**WHAT NEEDS TO BE DONE:**
Output the data below exactly, without images.

**RECORDS FOR THIS EXERCISE:**
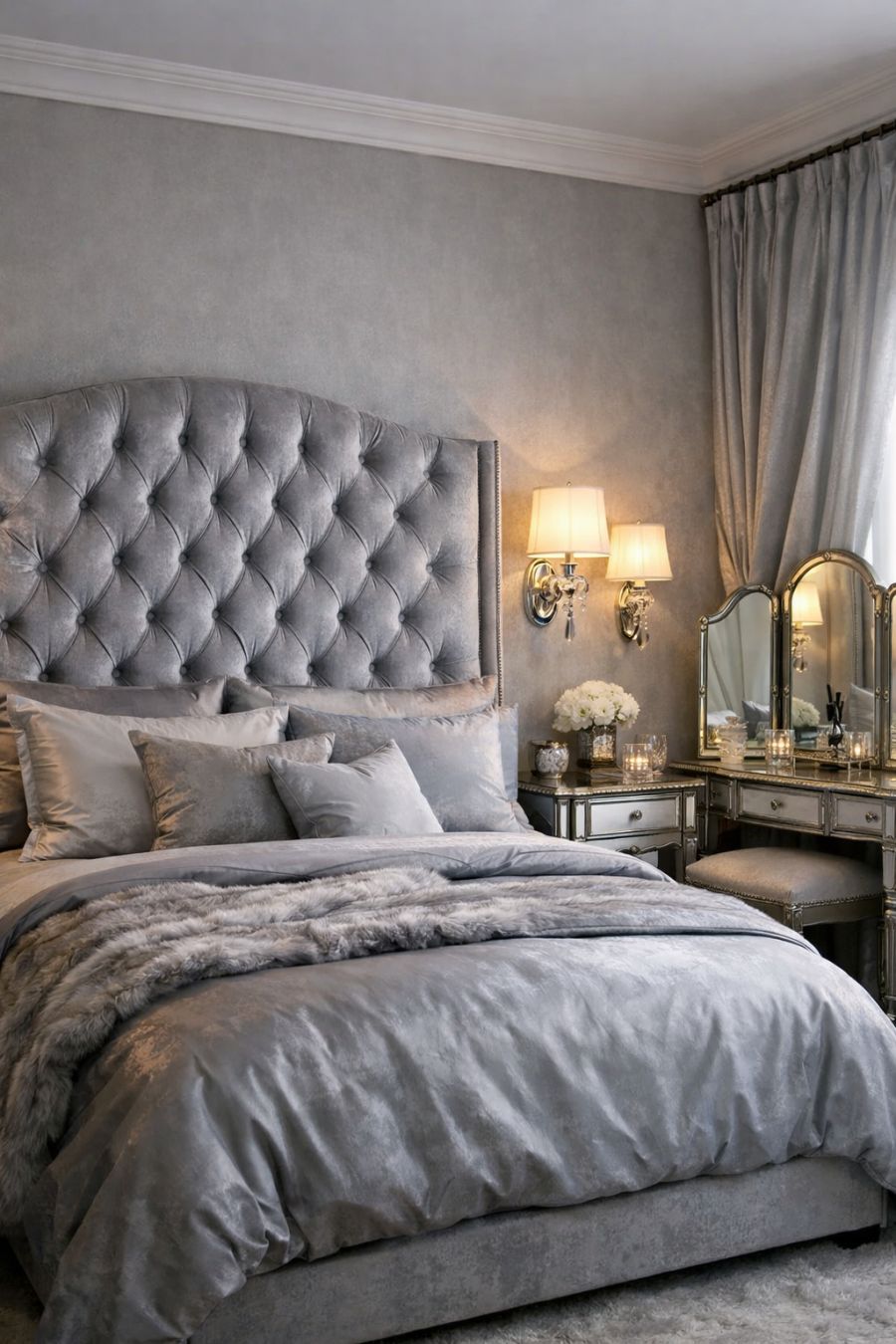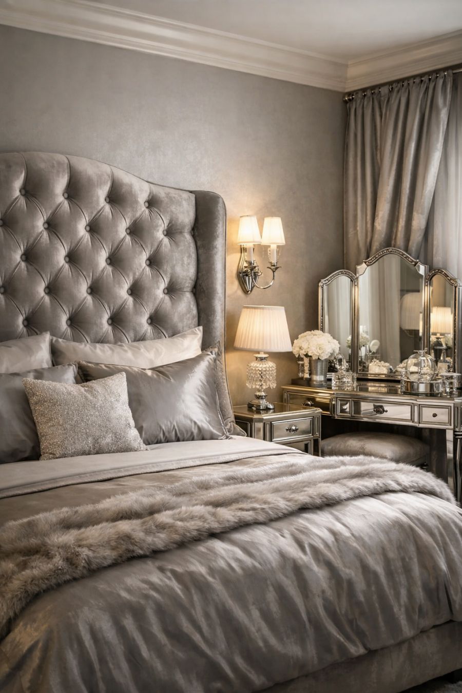The bedroom is a serene sanctuary, designed with a touch of Hollywood opulence. A grand, tufted headboard in plush velvet dominates the room, setting the tone for relaxation and luxury. The color palette is a soothing blend of soft grays and silvers, creating a calm and inviting atmosphere. Art Deco-inspired bedside tables with mirrored surfaces reflect the ambient light from elegant wall sconces, while a vintage vanity table adds a touch of nostalgia. The room is finished with sumptuous drapery, ensuring privacy and comfort.
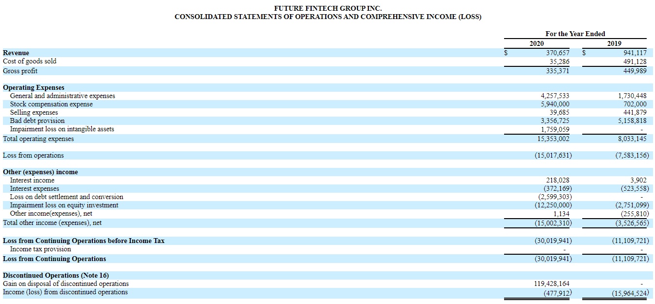 智通财经APP获悉,4月15日,未来金融科技(FTFT.US)向美国SEC递交了10K年度报告,披露了2020年业绩和最新股权结构。其中,公司2020年营收为37.07万美元,上年同期为94.11万美元。
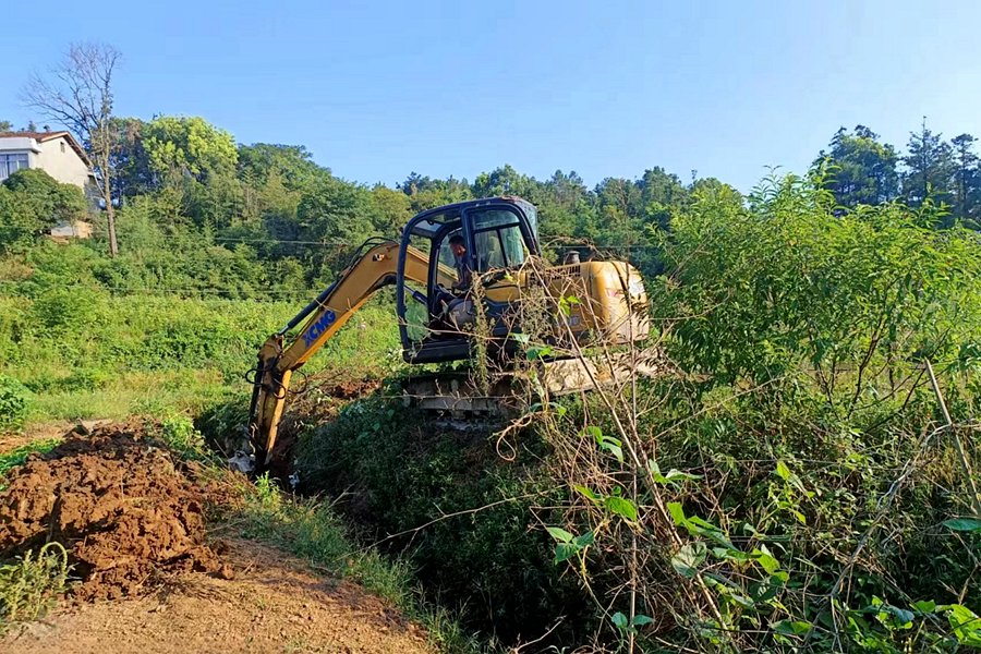 聚宝山村租用挖掘机对支渠进行清淤扫障
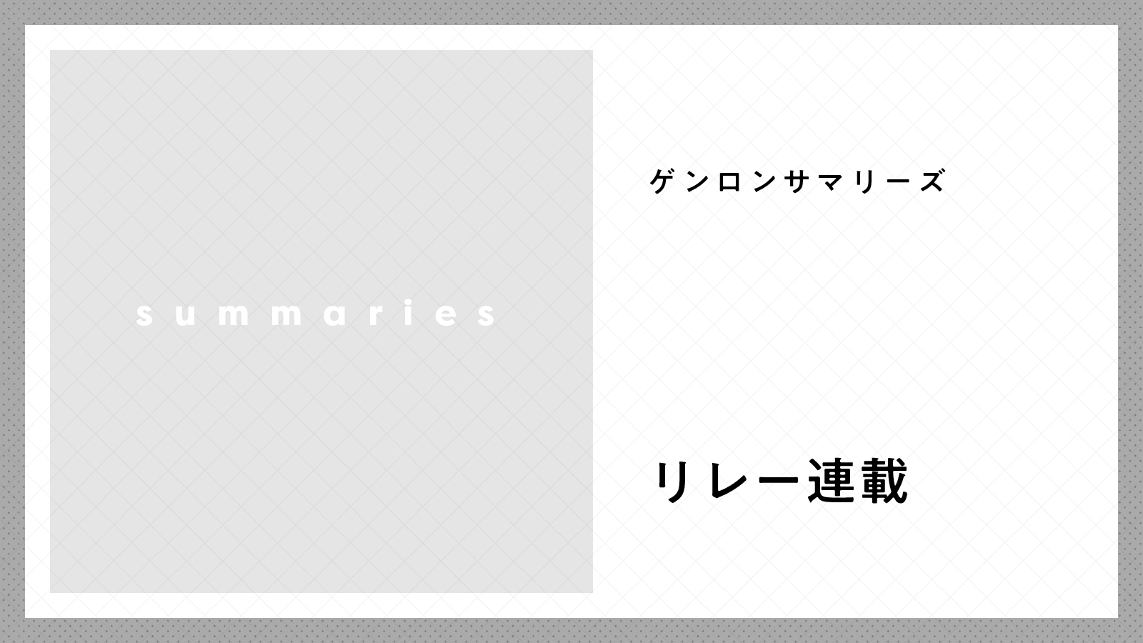 「ゲンロンサマリーズ」は、2012年5月から2013年6月にかけて配信された、東浩紀責任編集の新刊人文書の要約&レビューマガジンです。
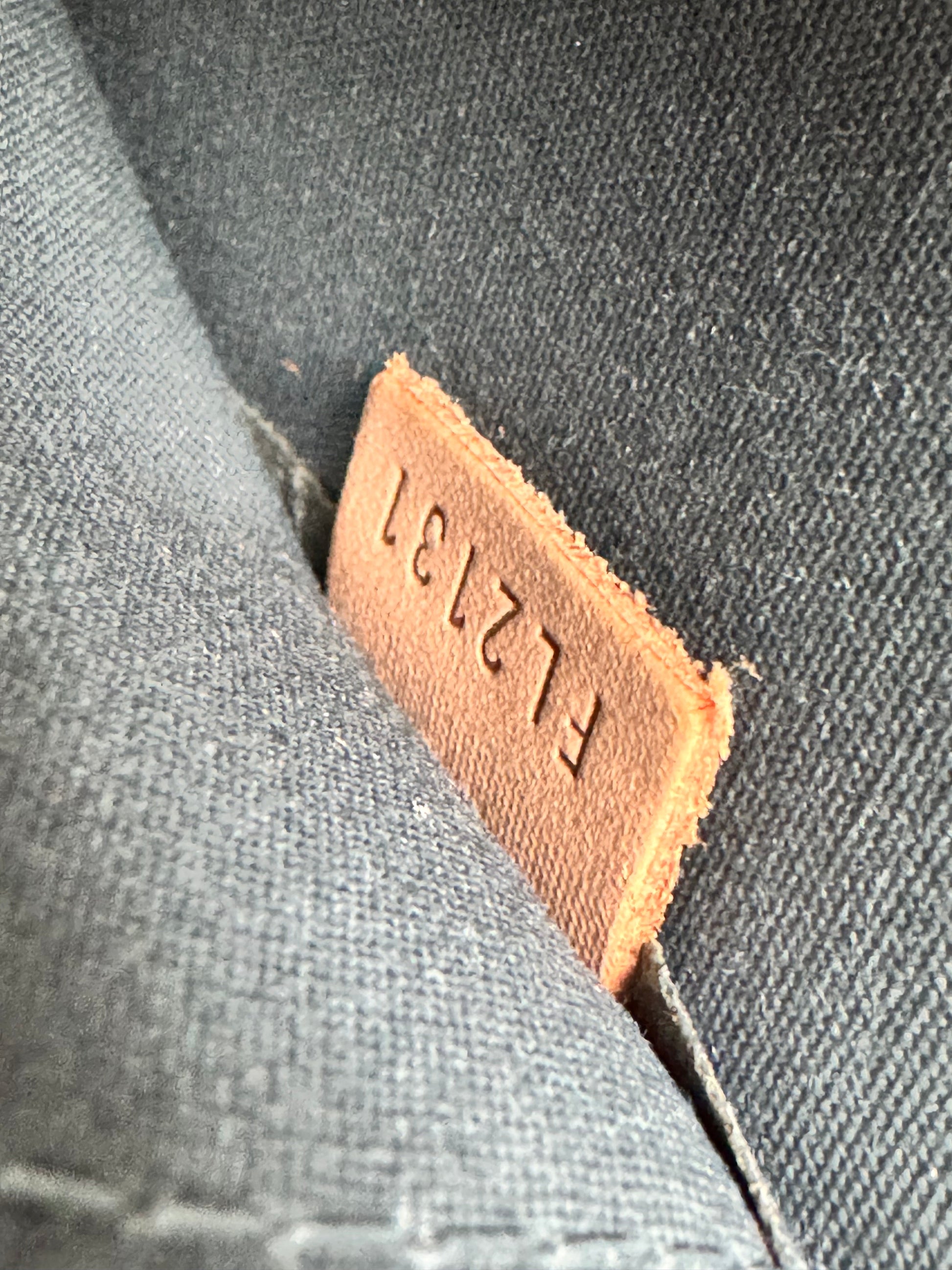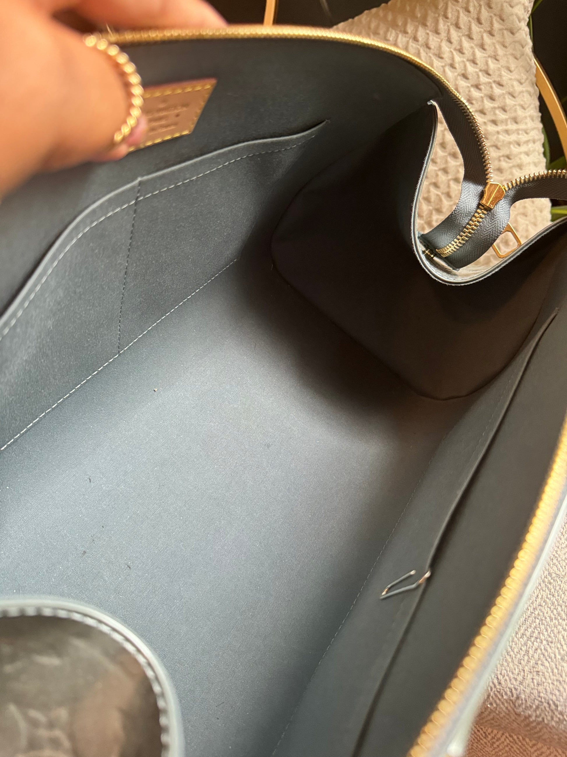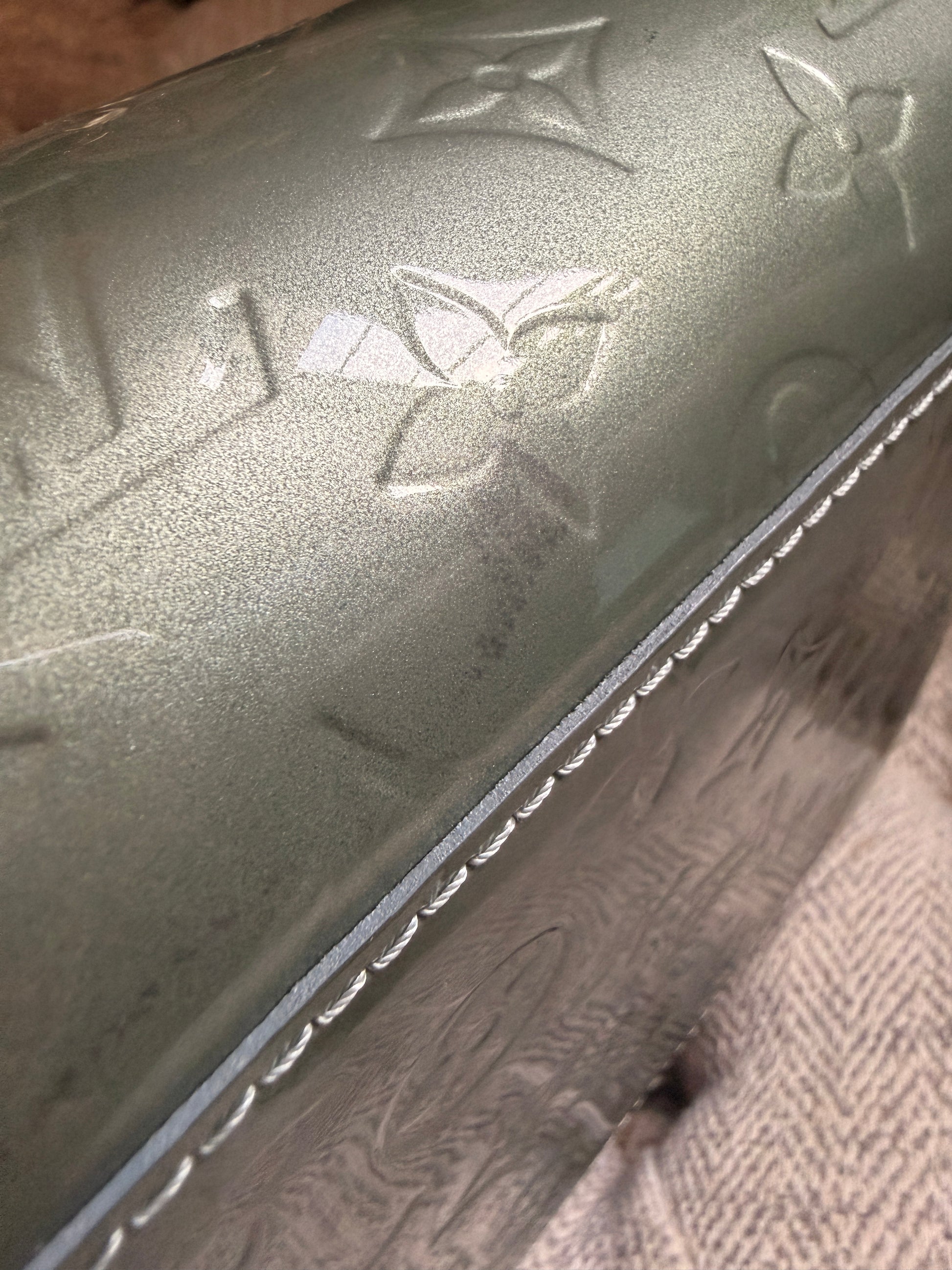 Experience the beauty of Vernis with this Sherwood GM in the super cool colour Givre. The polished gray monogram embossed vernis patent leather exudes confidence and sophistication. With tall and sturdy rolled leather handles, polished brass hardware, and a matching fabric interior, this satchel is perfect for those who love to take risks and make a statement. Add a touch of daring to your wardrobe with this retired vintage piece.

**EXERCISE ANSWER:**
The bedroom is a serene sanctuary, designed with a touch of Hollywood opulence. A grand, tufted headboard in plush velvet dominates the room, setting the tone for relaxation and luxury. The color palette is a soothing blend of soft grays and silvers, creating a calm and inviting atmosphere. Art Deco-inspired bedside tables with mirrored surfaces reflect the ambient light from elegant wall sconces, while a vintage vanity table adds a touch of nostalgia. The room is finished with sumptuous drapery, ensuring privacy and comfort.
 智通财经APP获悉,4月15日,未来金融科技(FTFT.US)向美国SEC递交了10K年度报告,披露了2020年业绩和最新股权结构。其中,公司2020年营收为37.07万美元,上年同期为94.11万美元。
 聚宝山村租用挖掘机对支渠进行清淤扫障
 「ゲンロンサマリーズ」は、2012年5月から2013年6月にかけて配信された、東浩紀責任編集の新刊人文書の要約&レビューマガジンです。
 Experience the beauty of Vernis with this Sherwood GM in the super cool colour Givre. The polished gray monogram embossed vernis patent leather exudes confidence and sophistication. With tall and sturdy rolled leather handles, polished brass hardware, and a matching fabric interior, this satchel is perfect for those who love to take risks and make a statement. Add a touch of daring to your wardrobe with this retired vintage piece.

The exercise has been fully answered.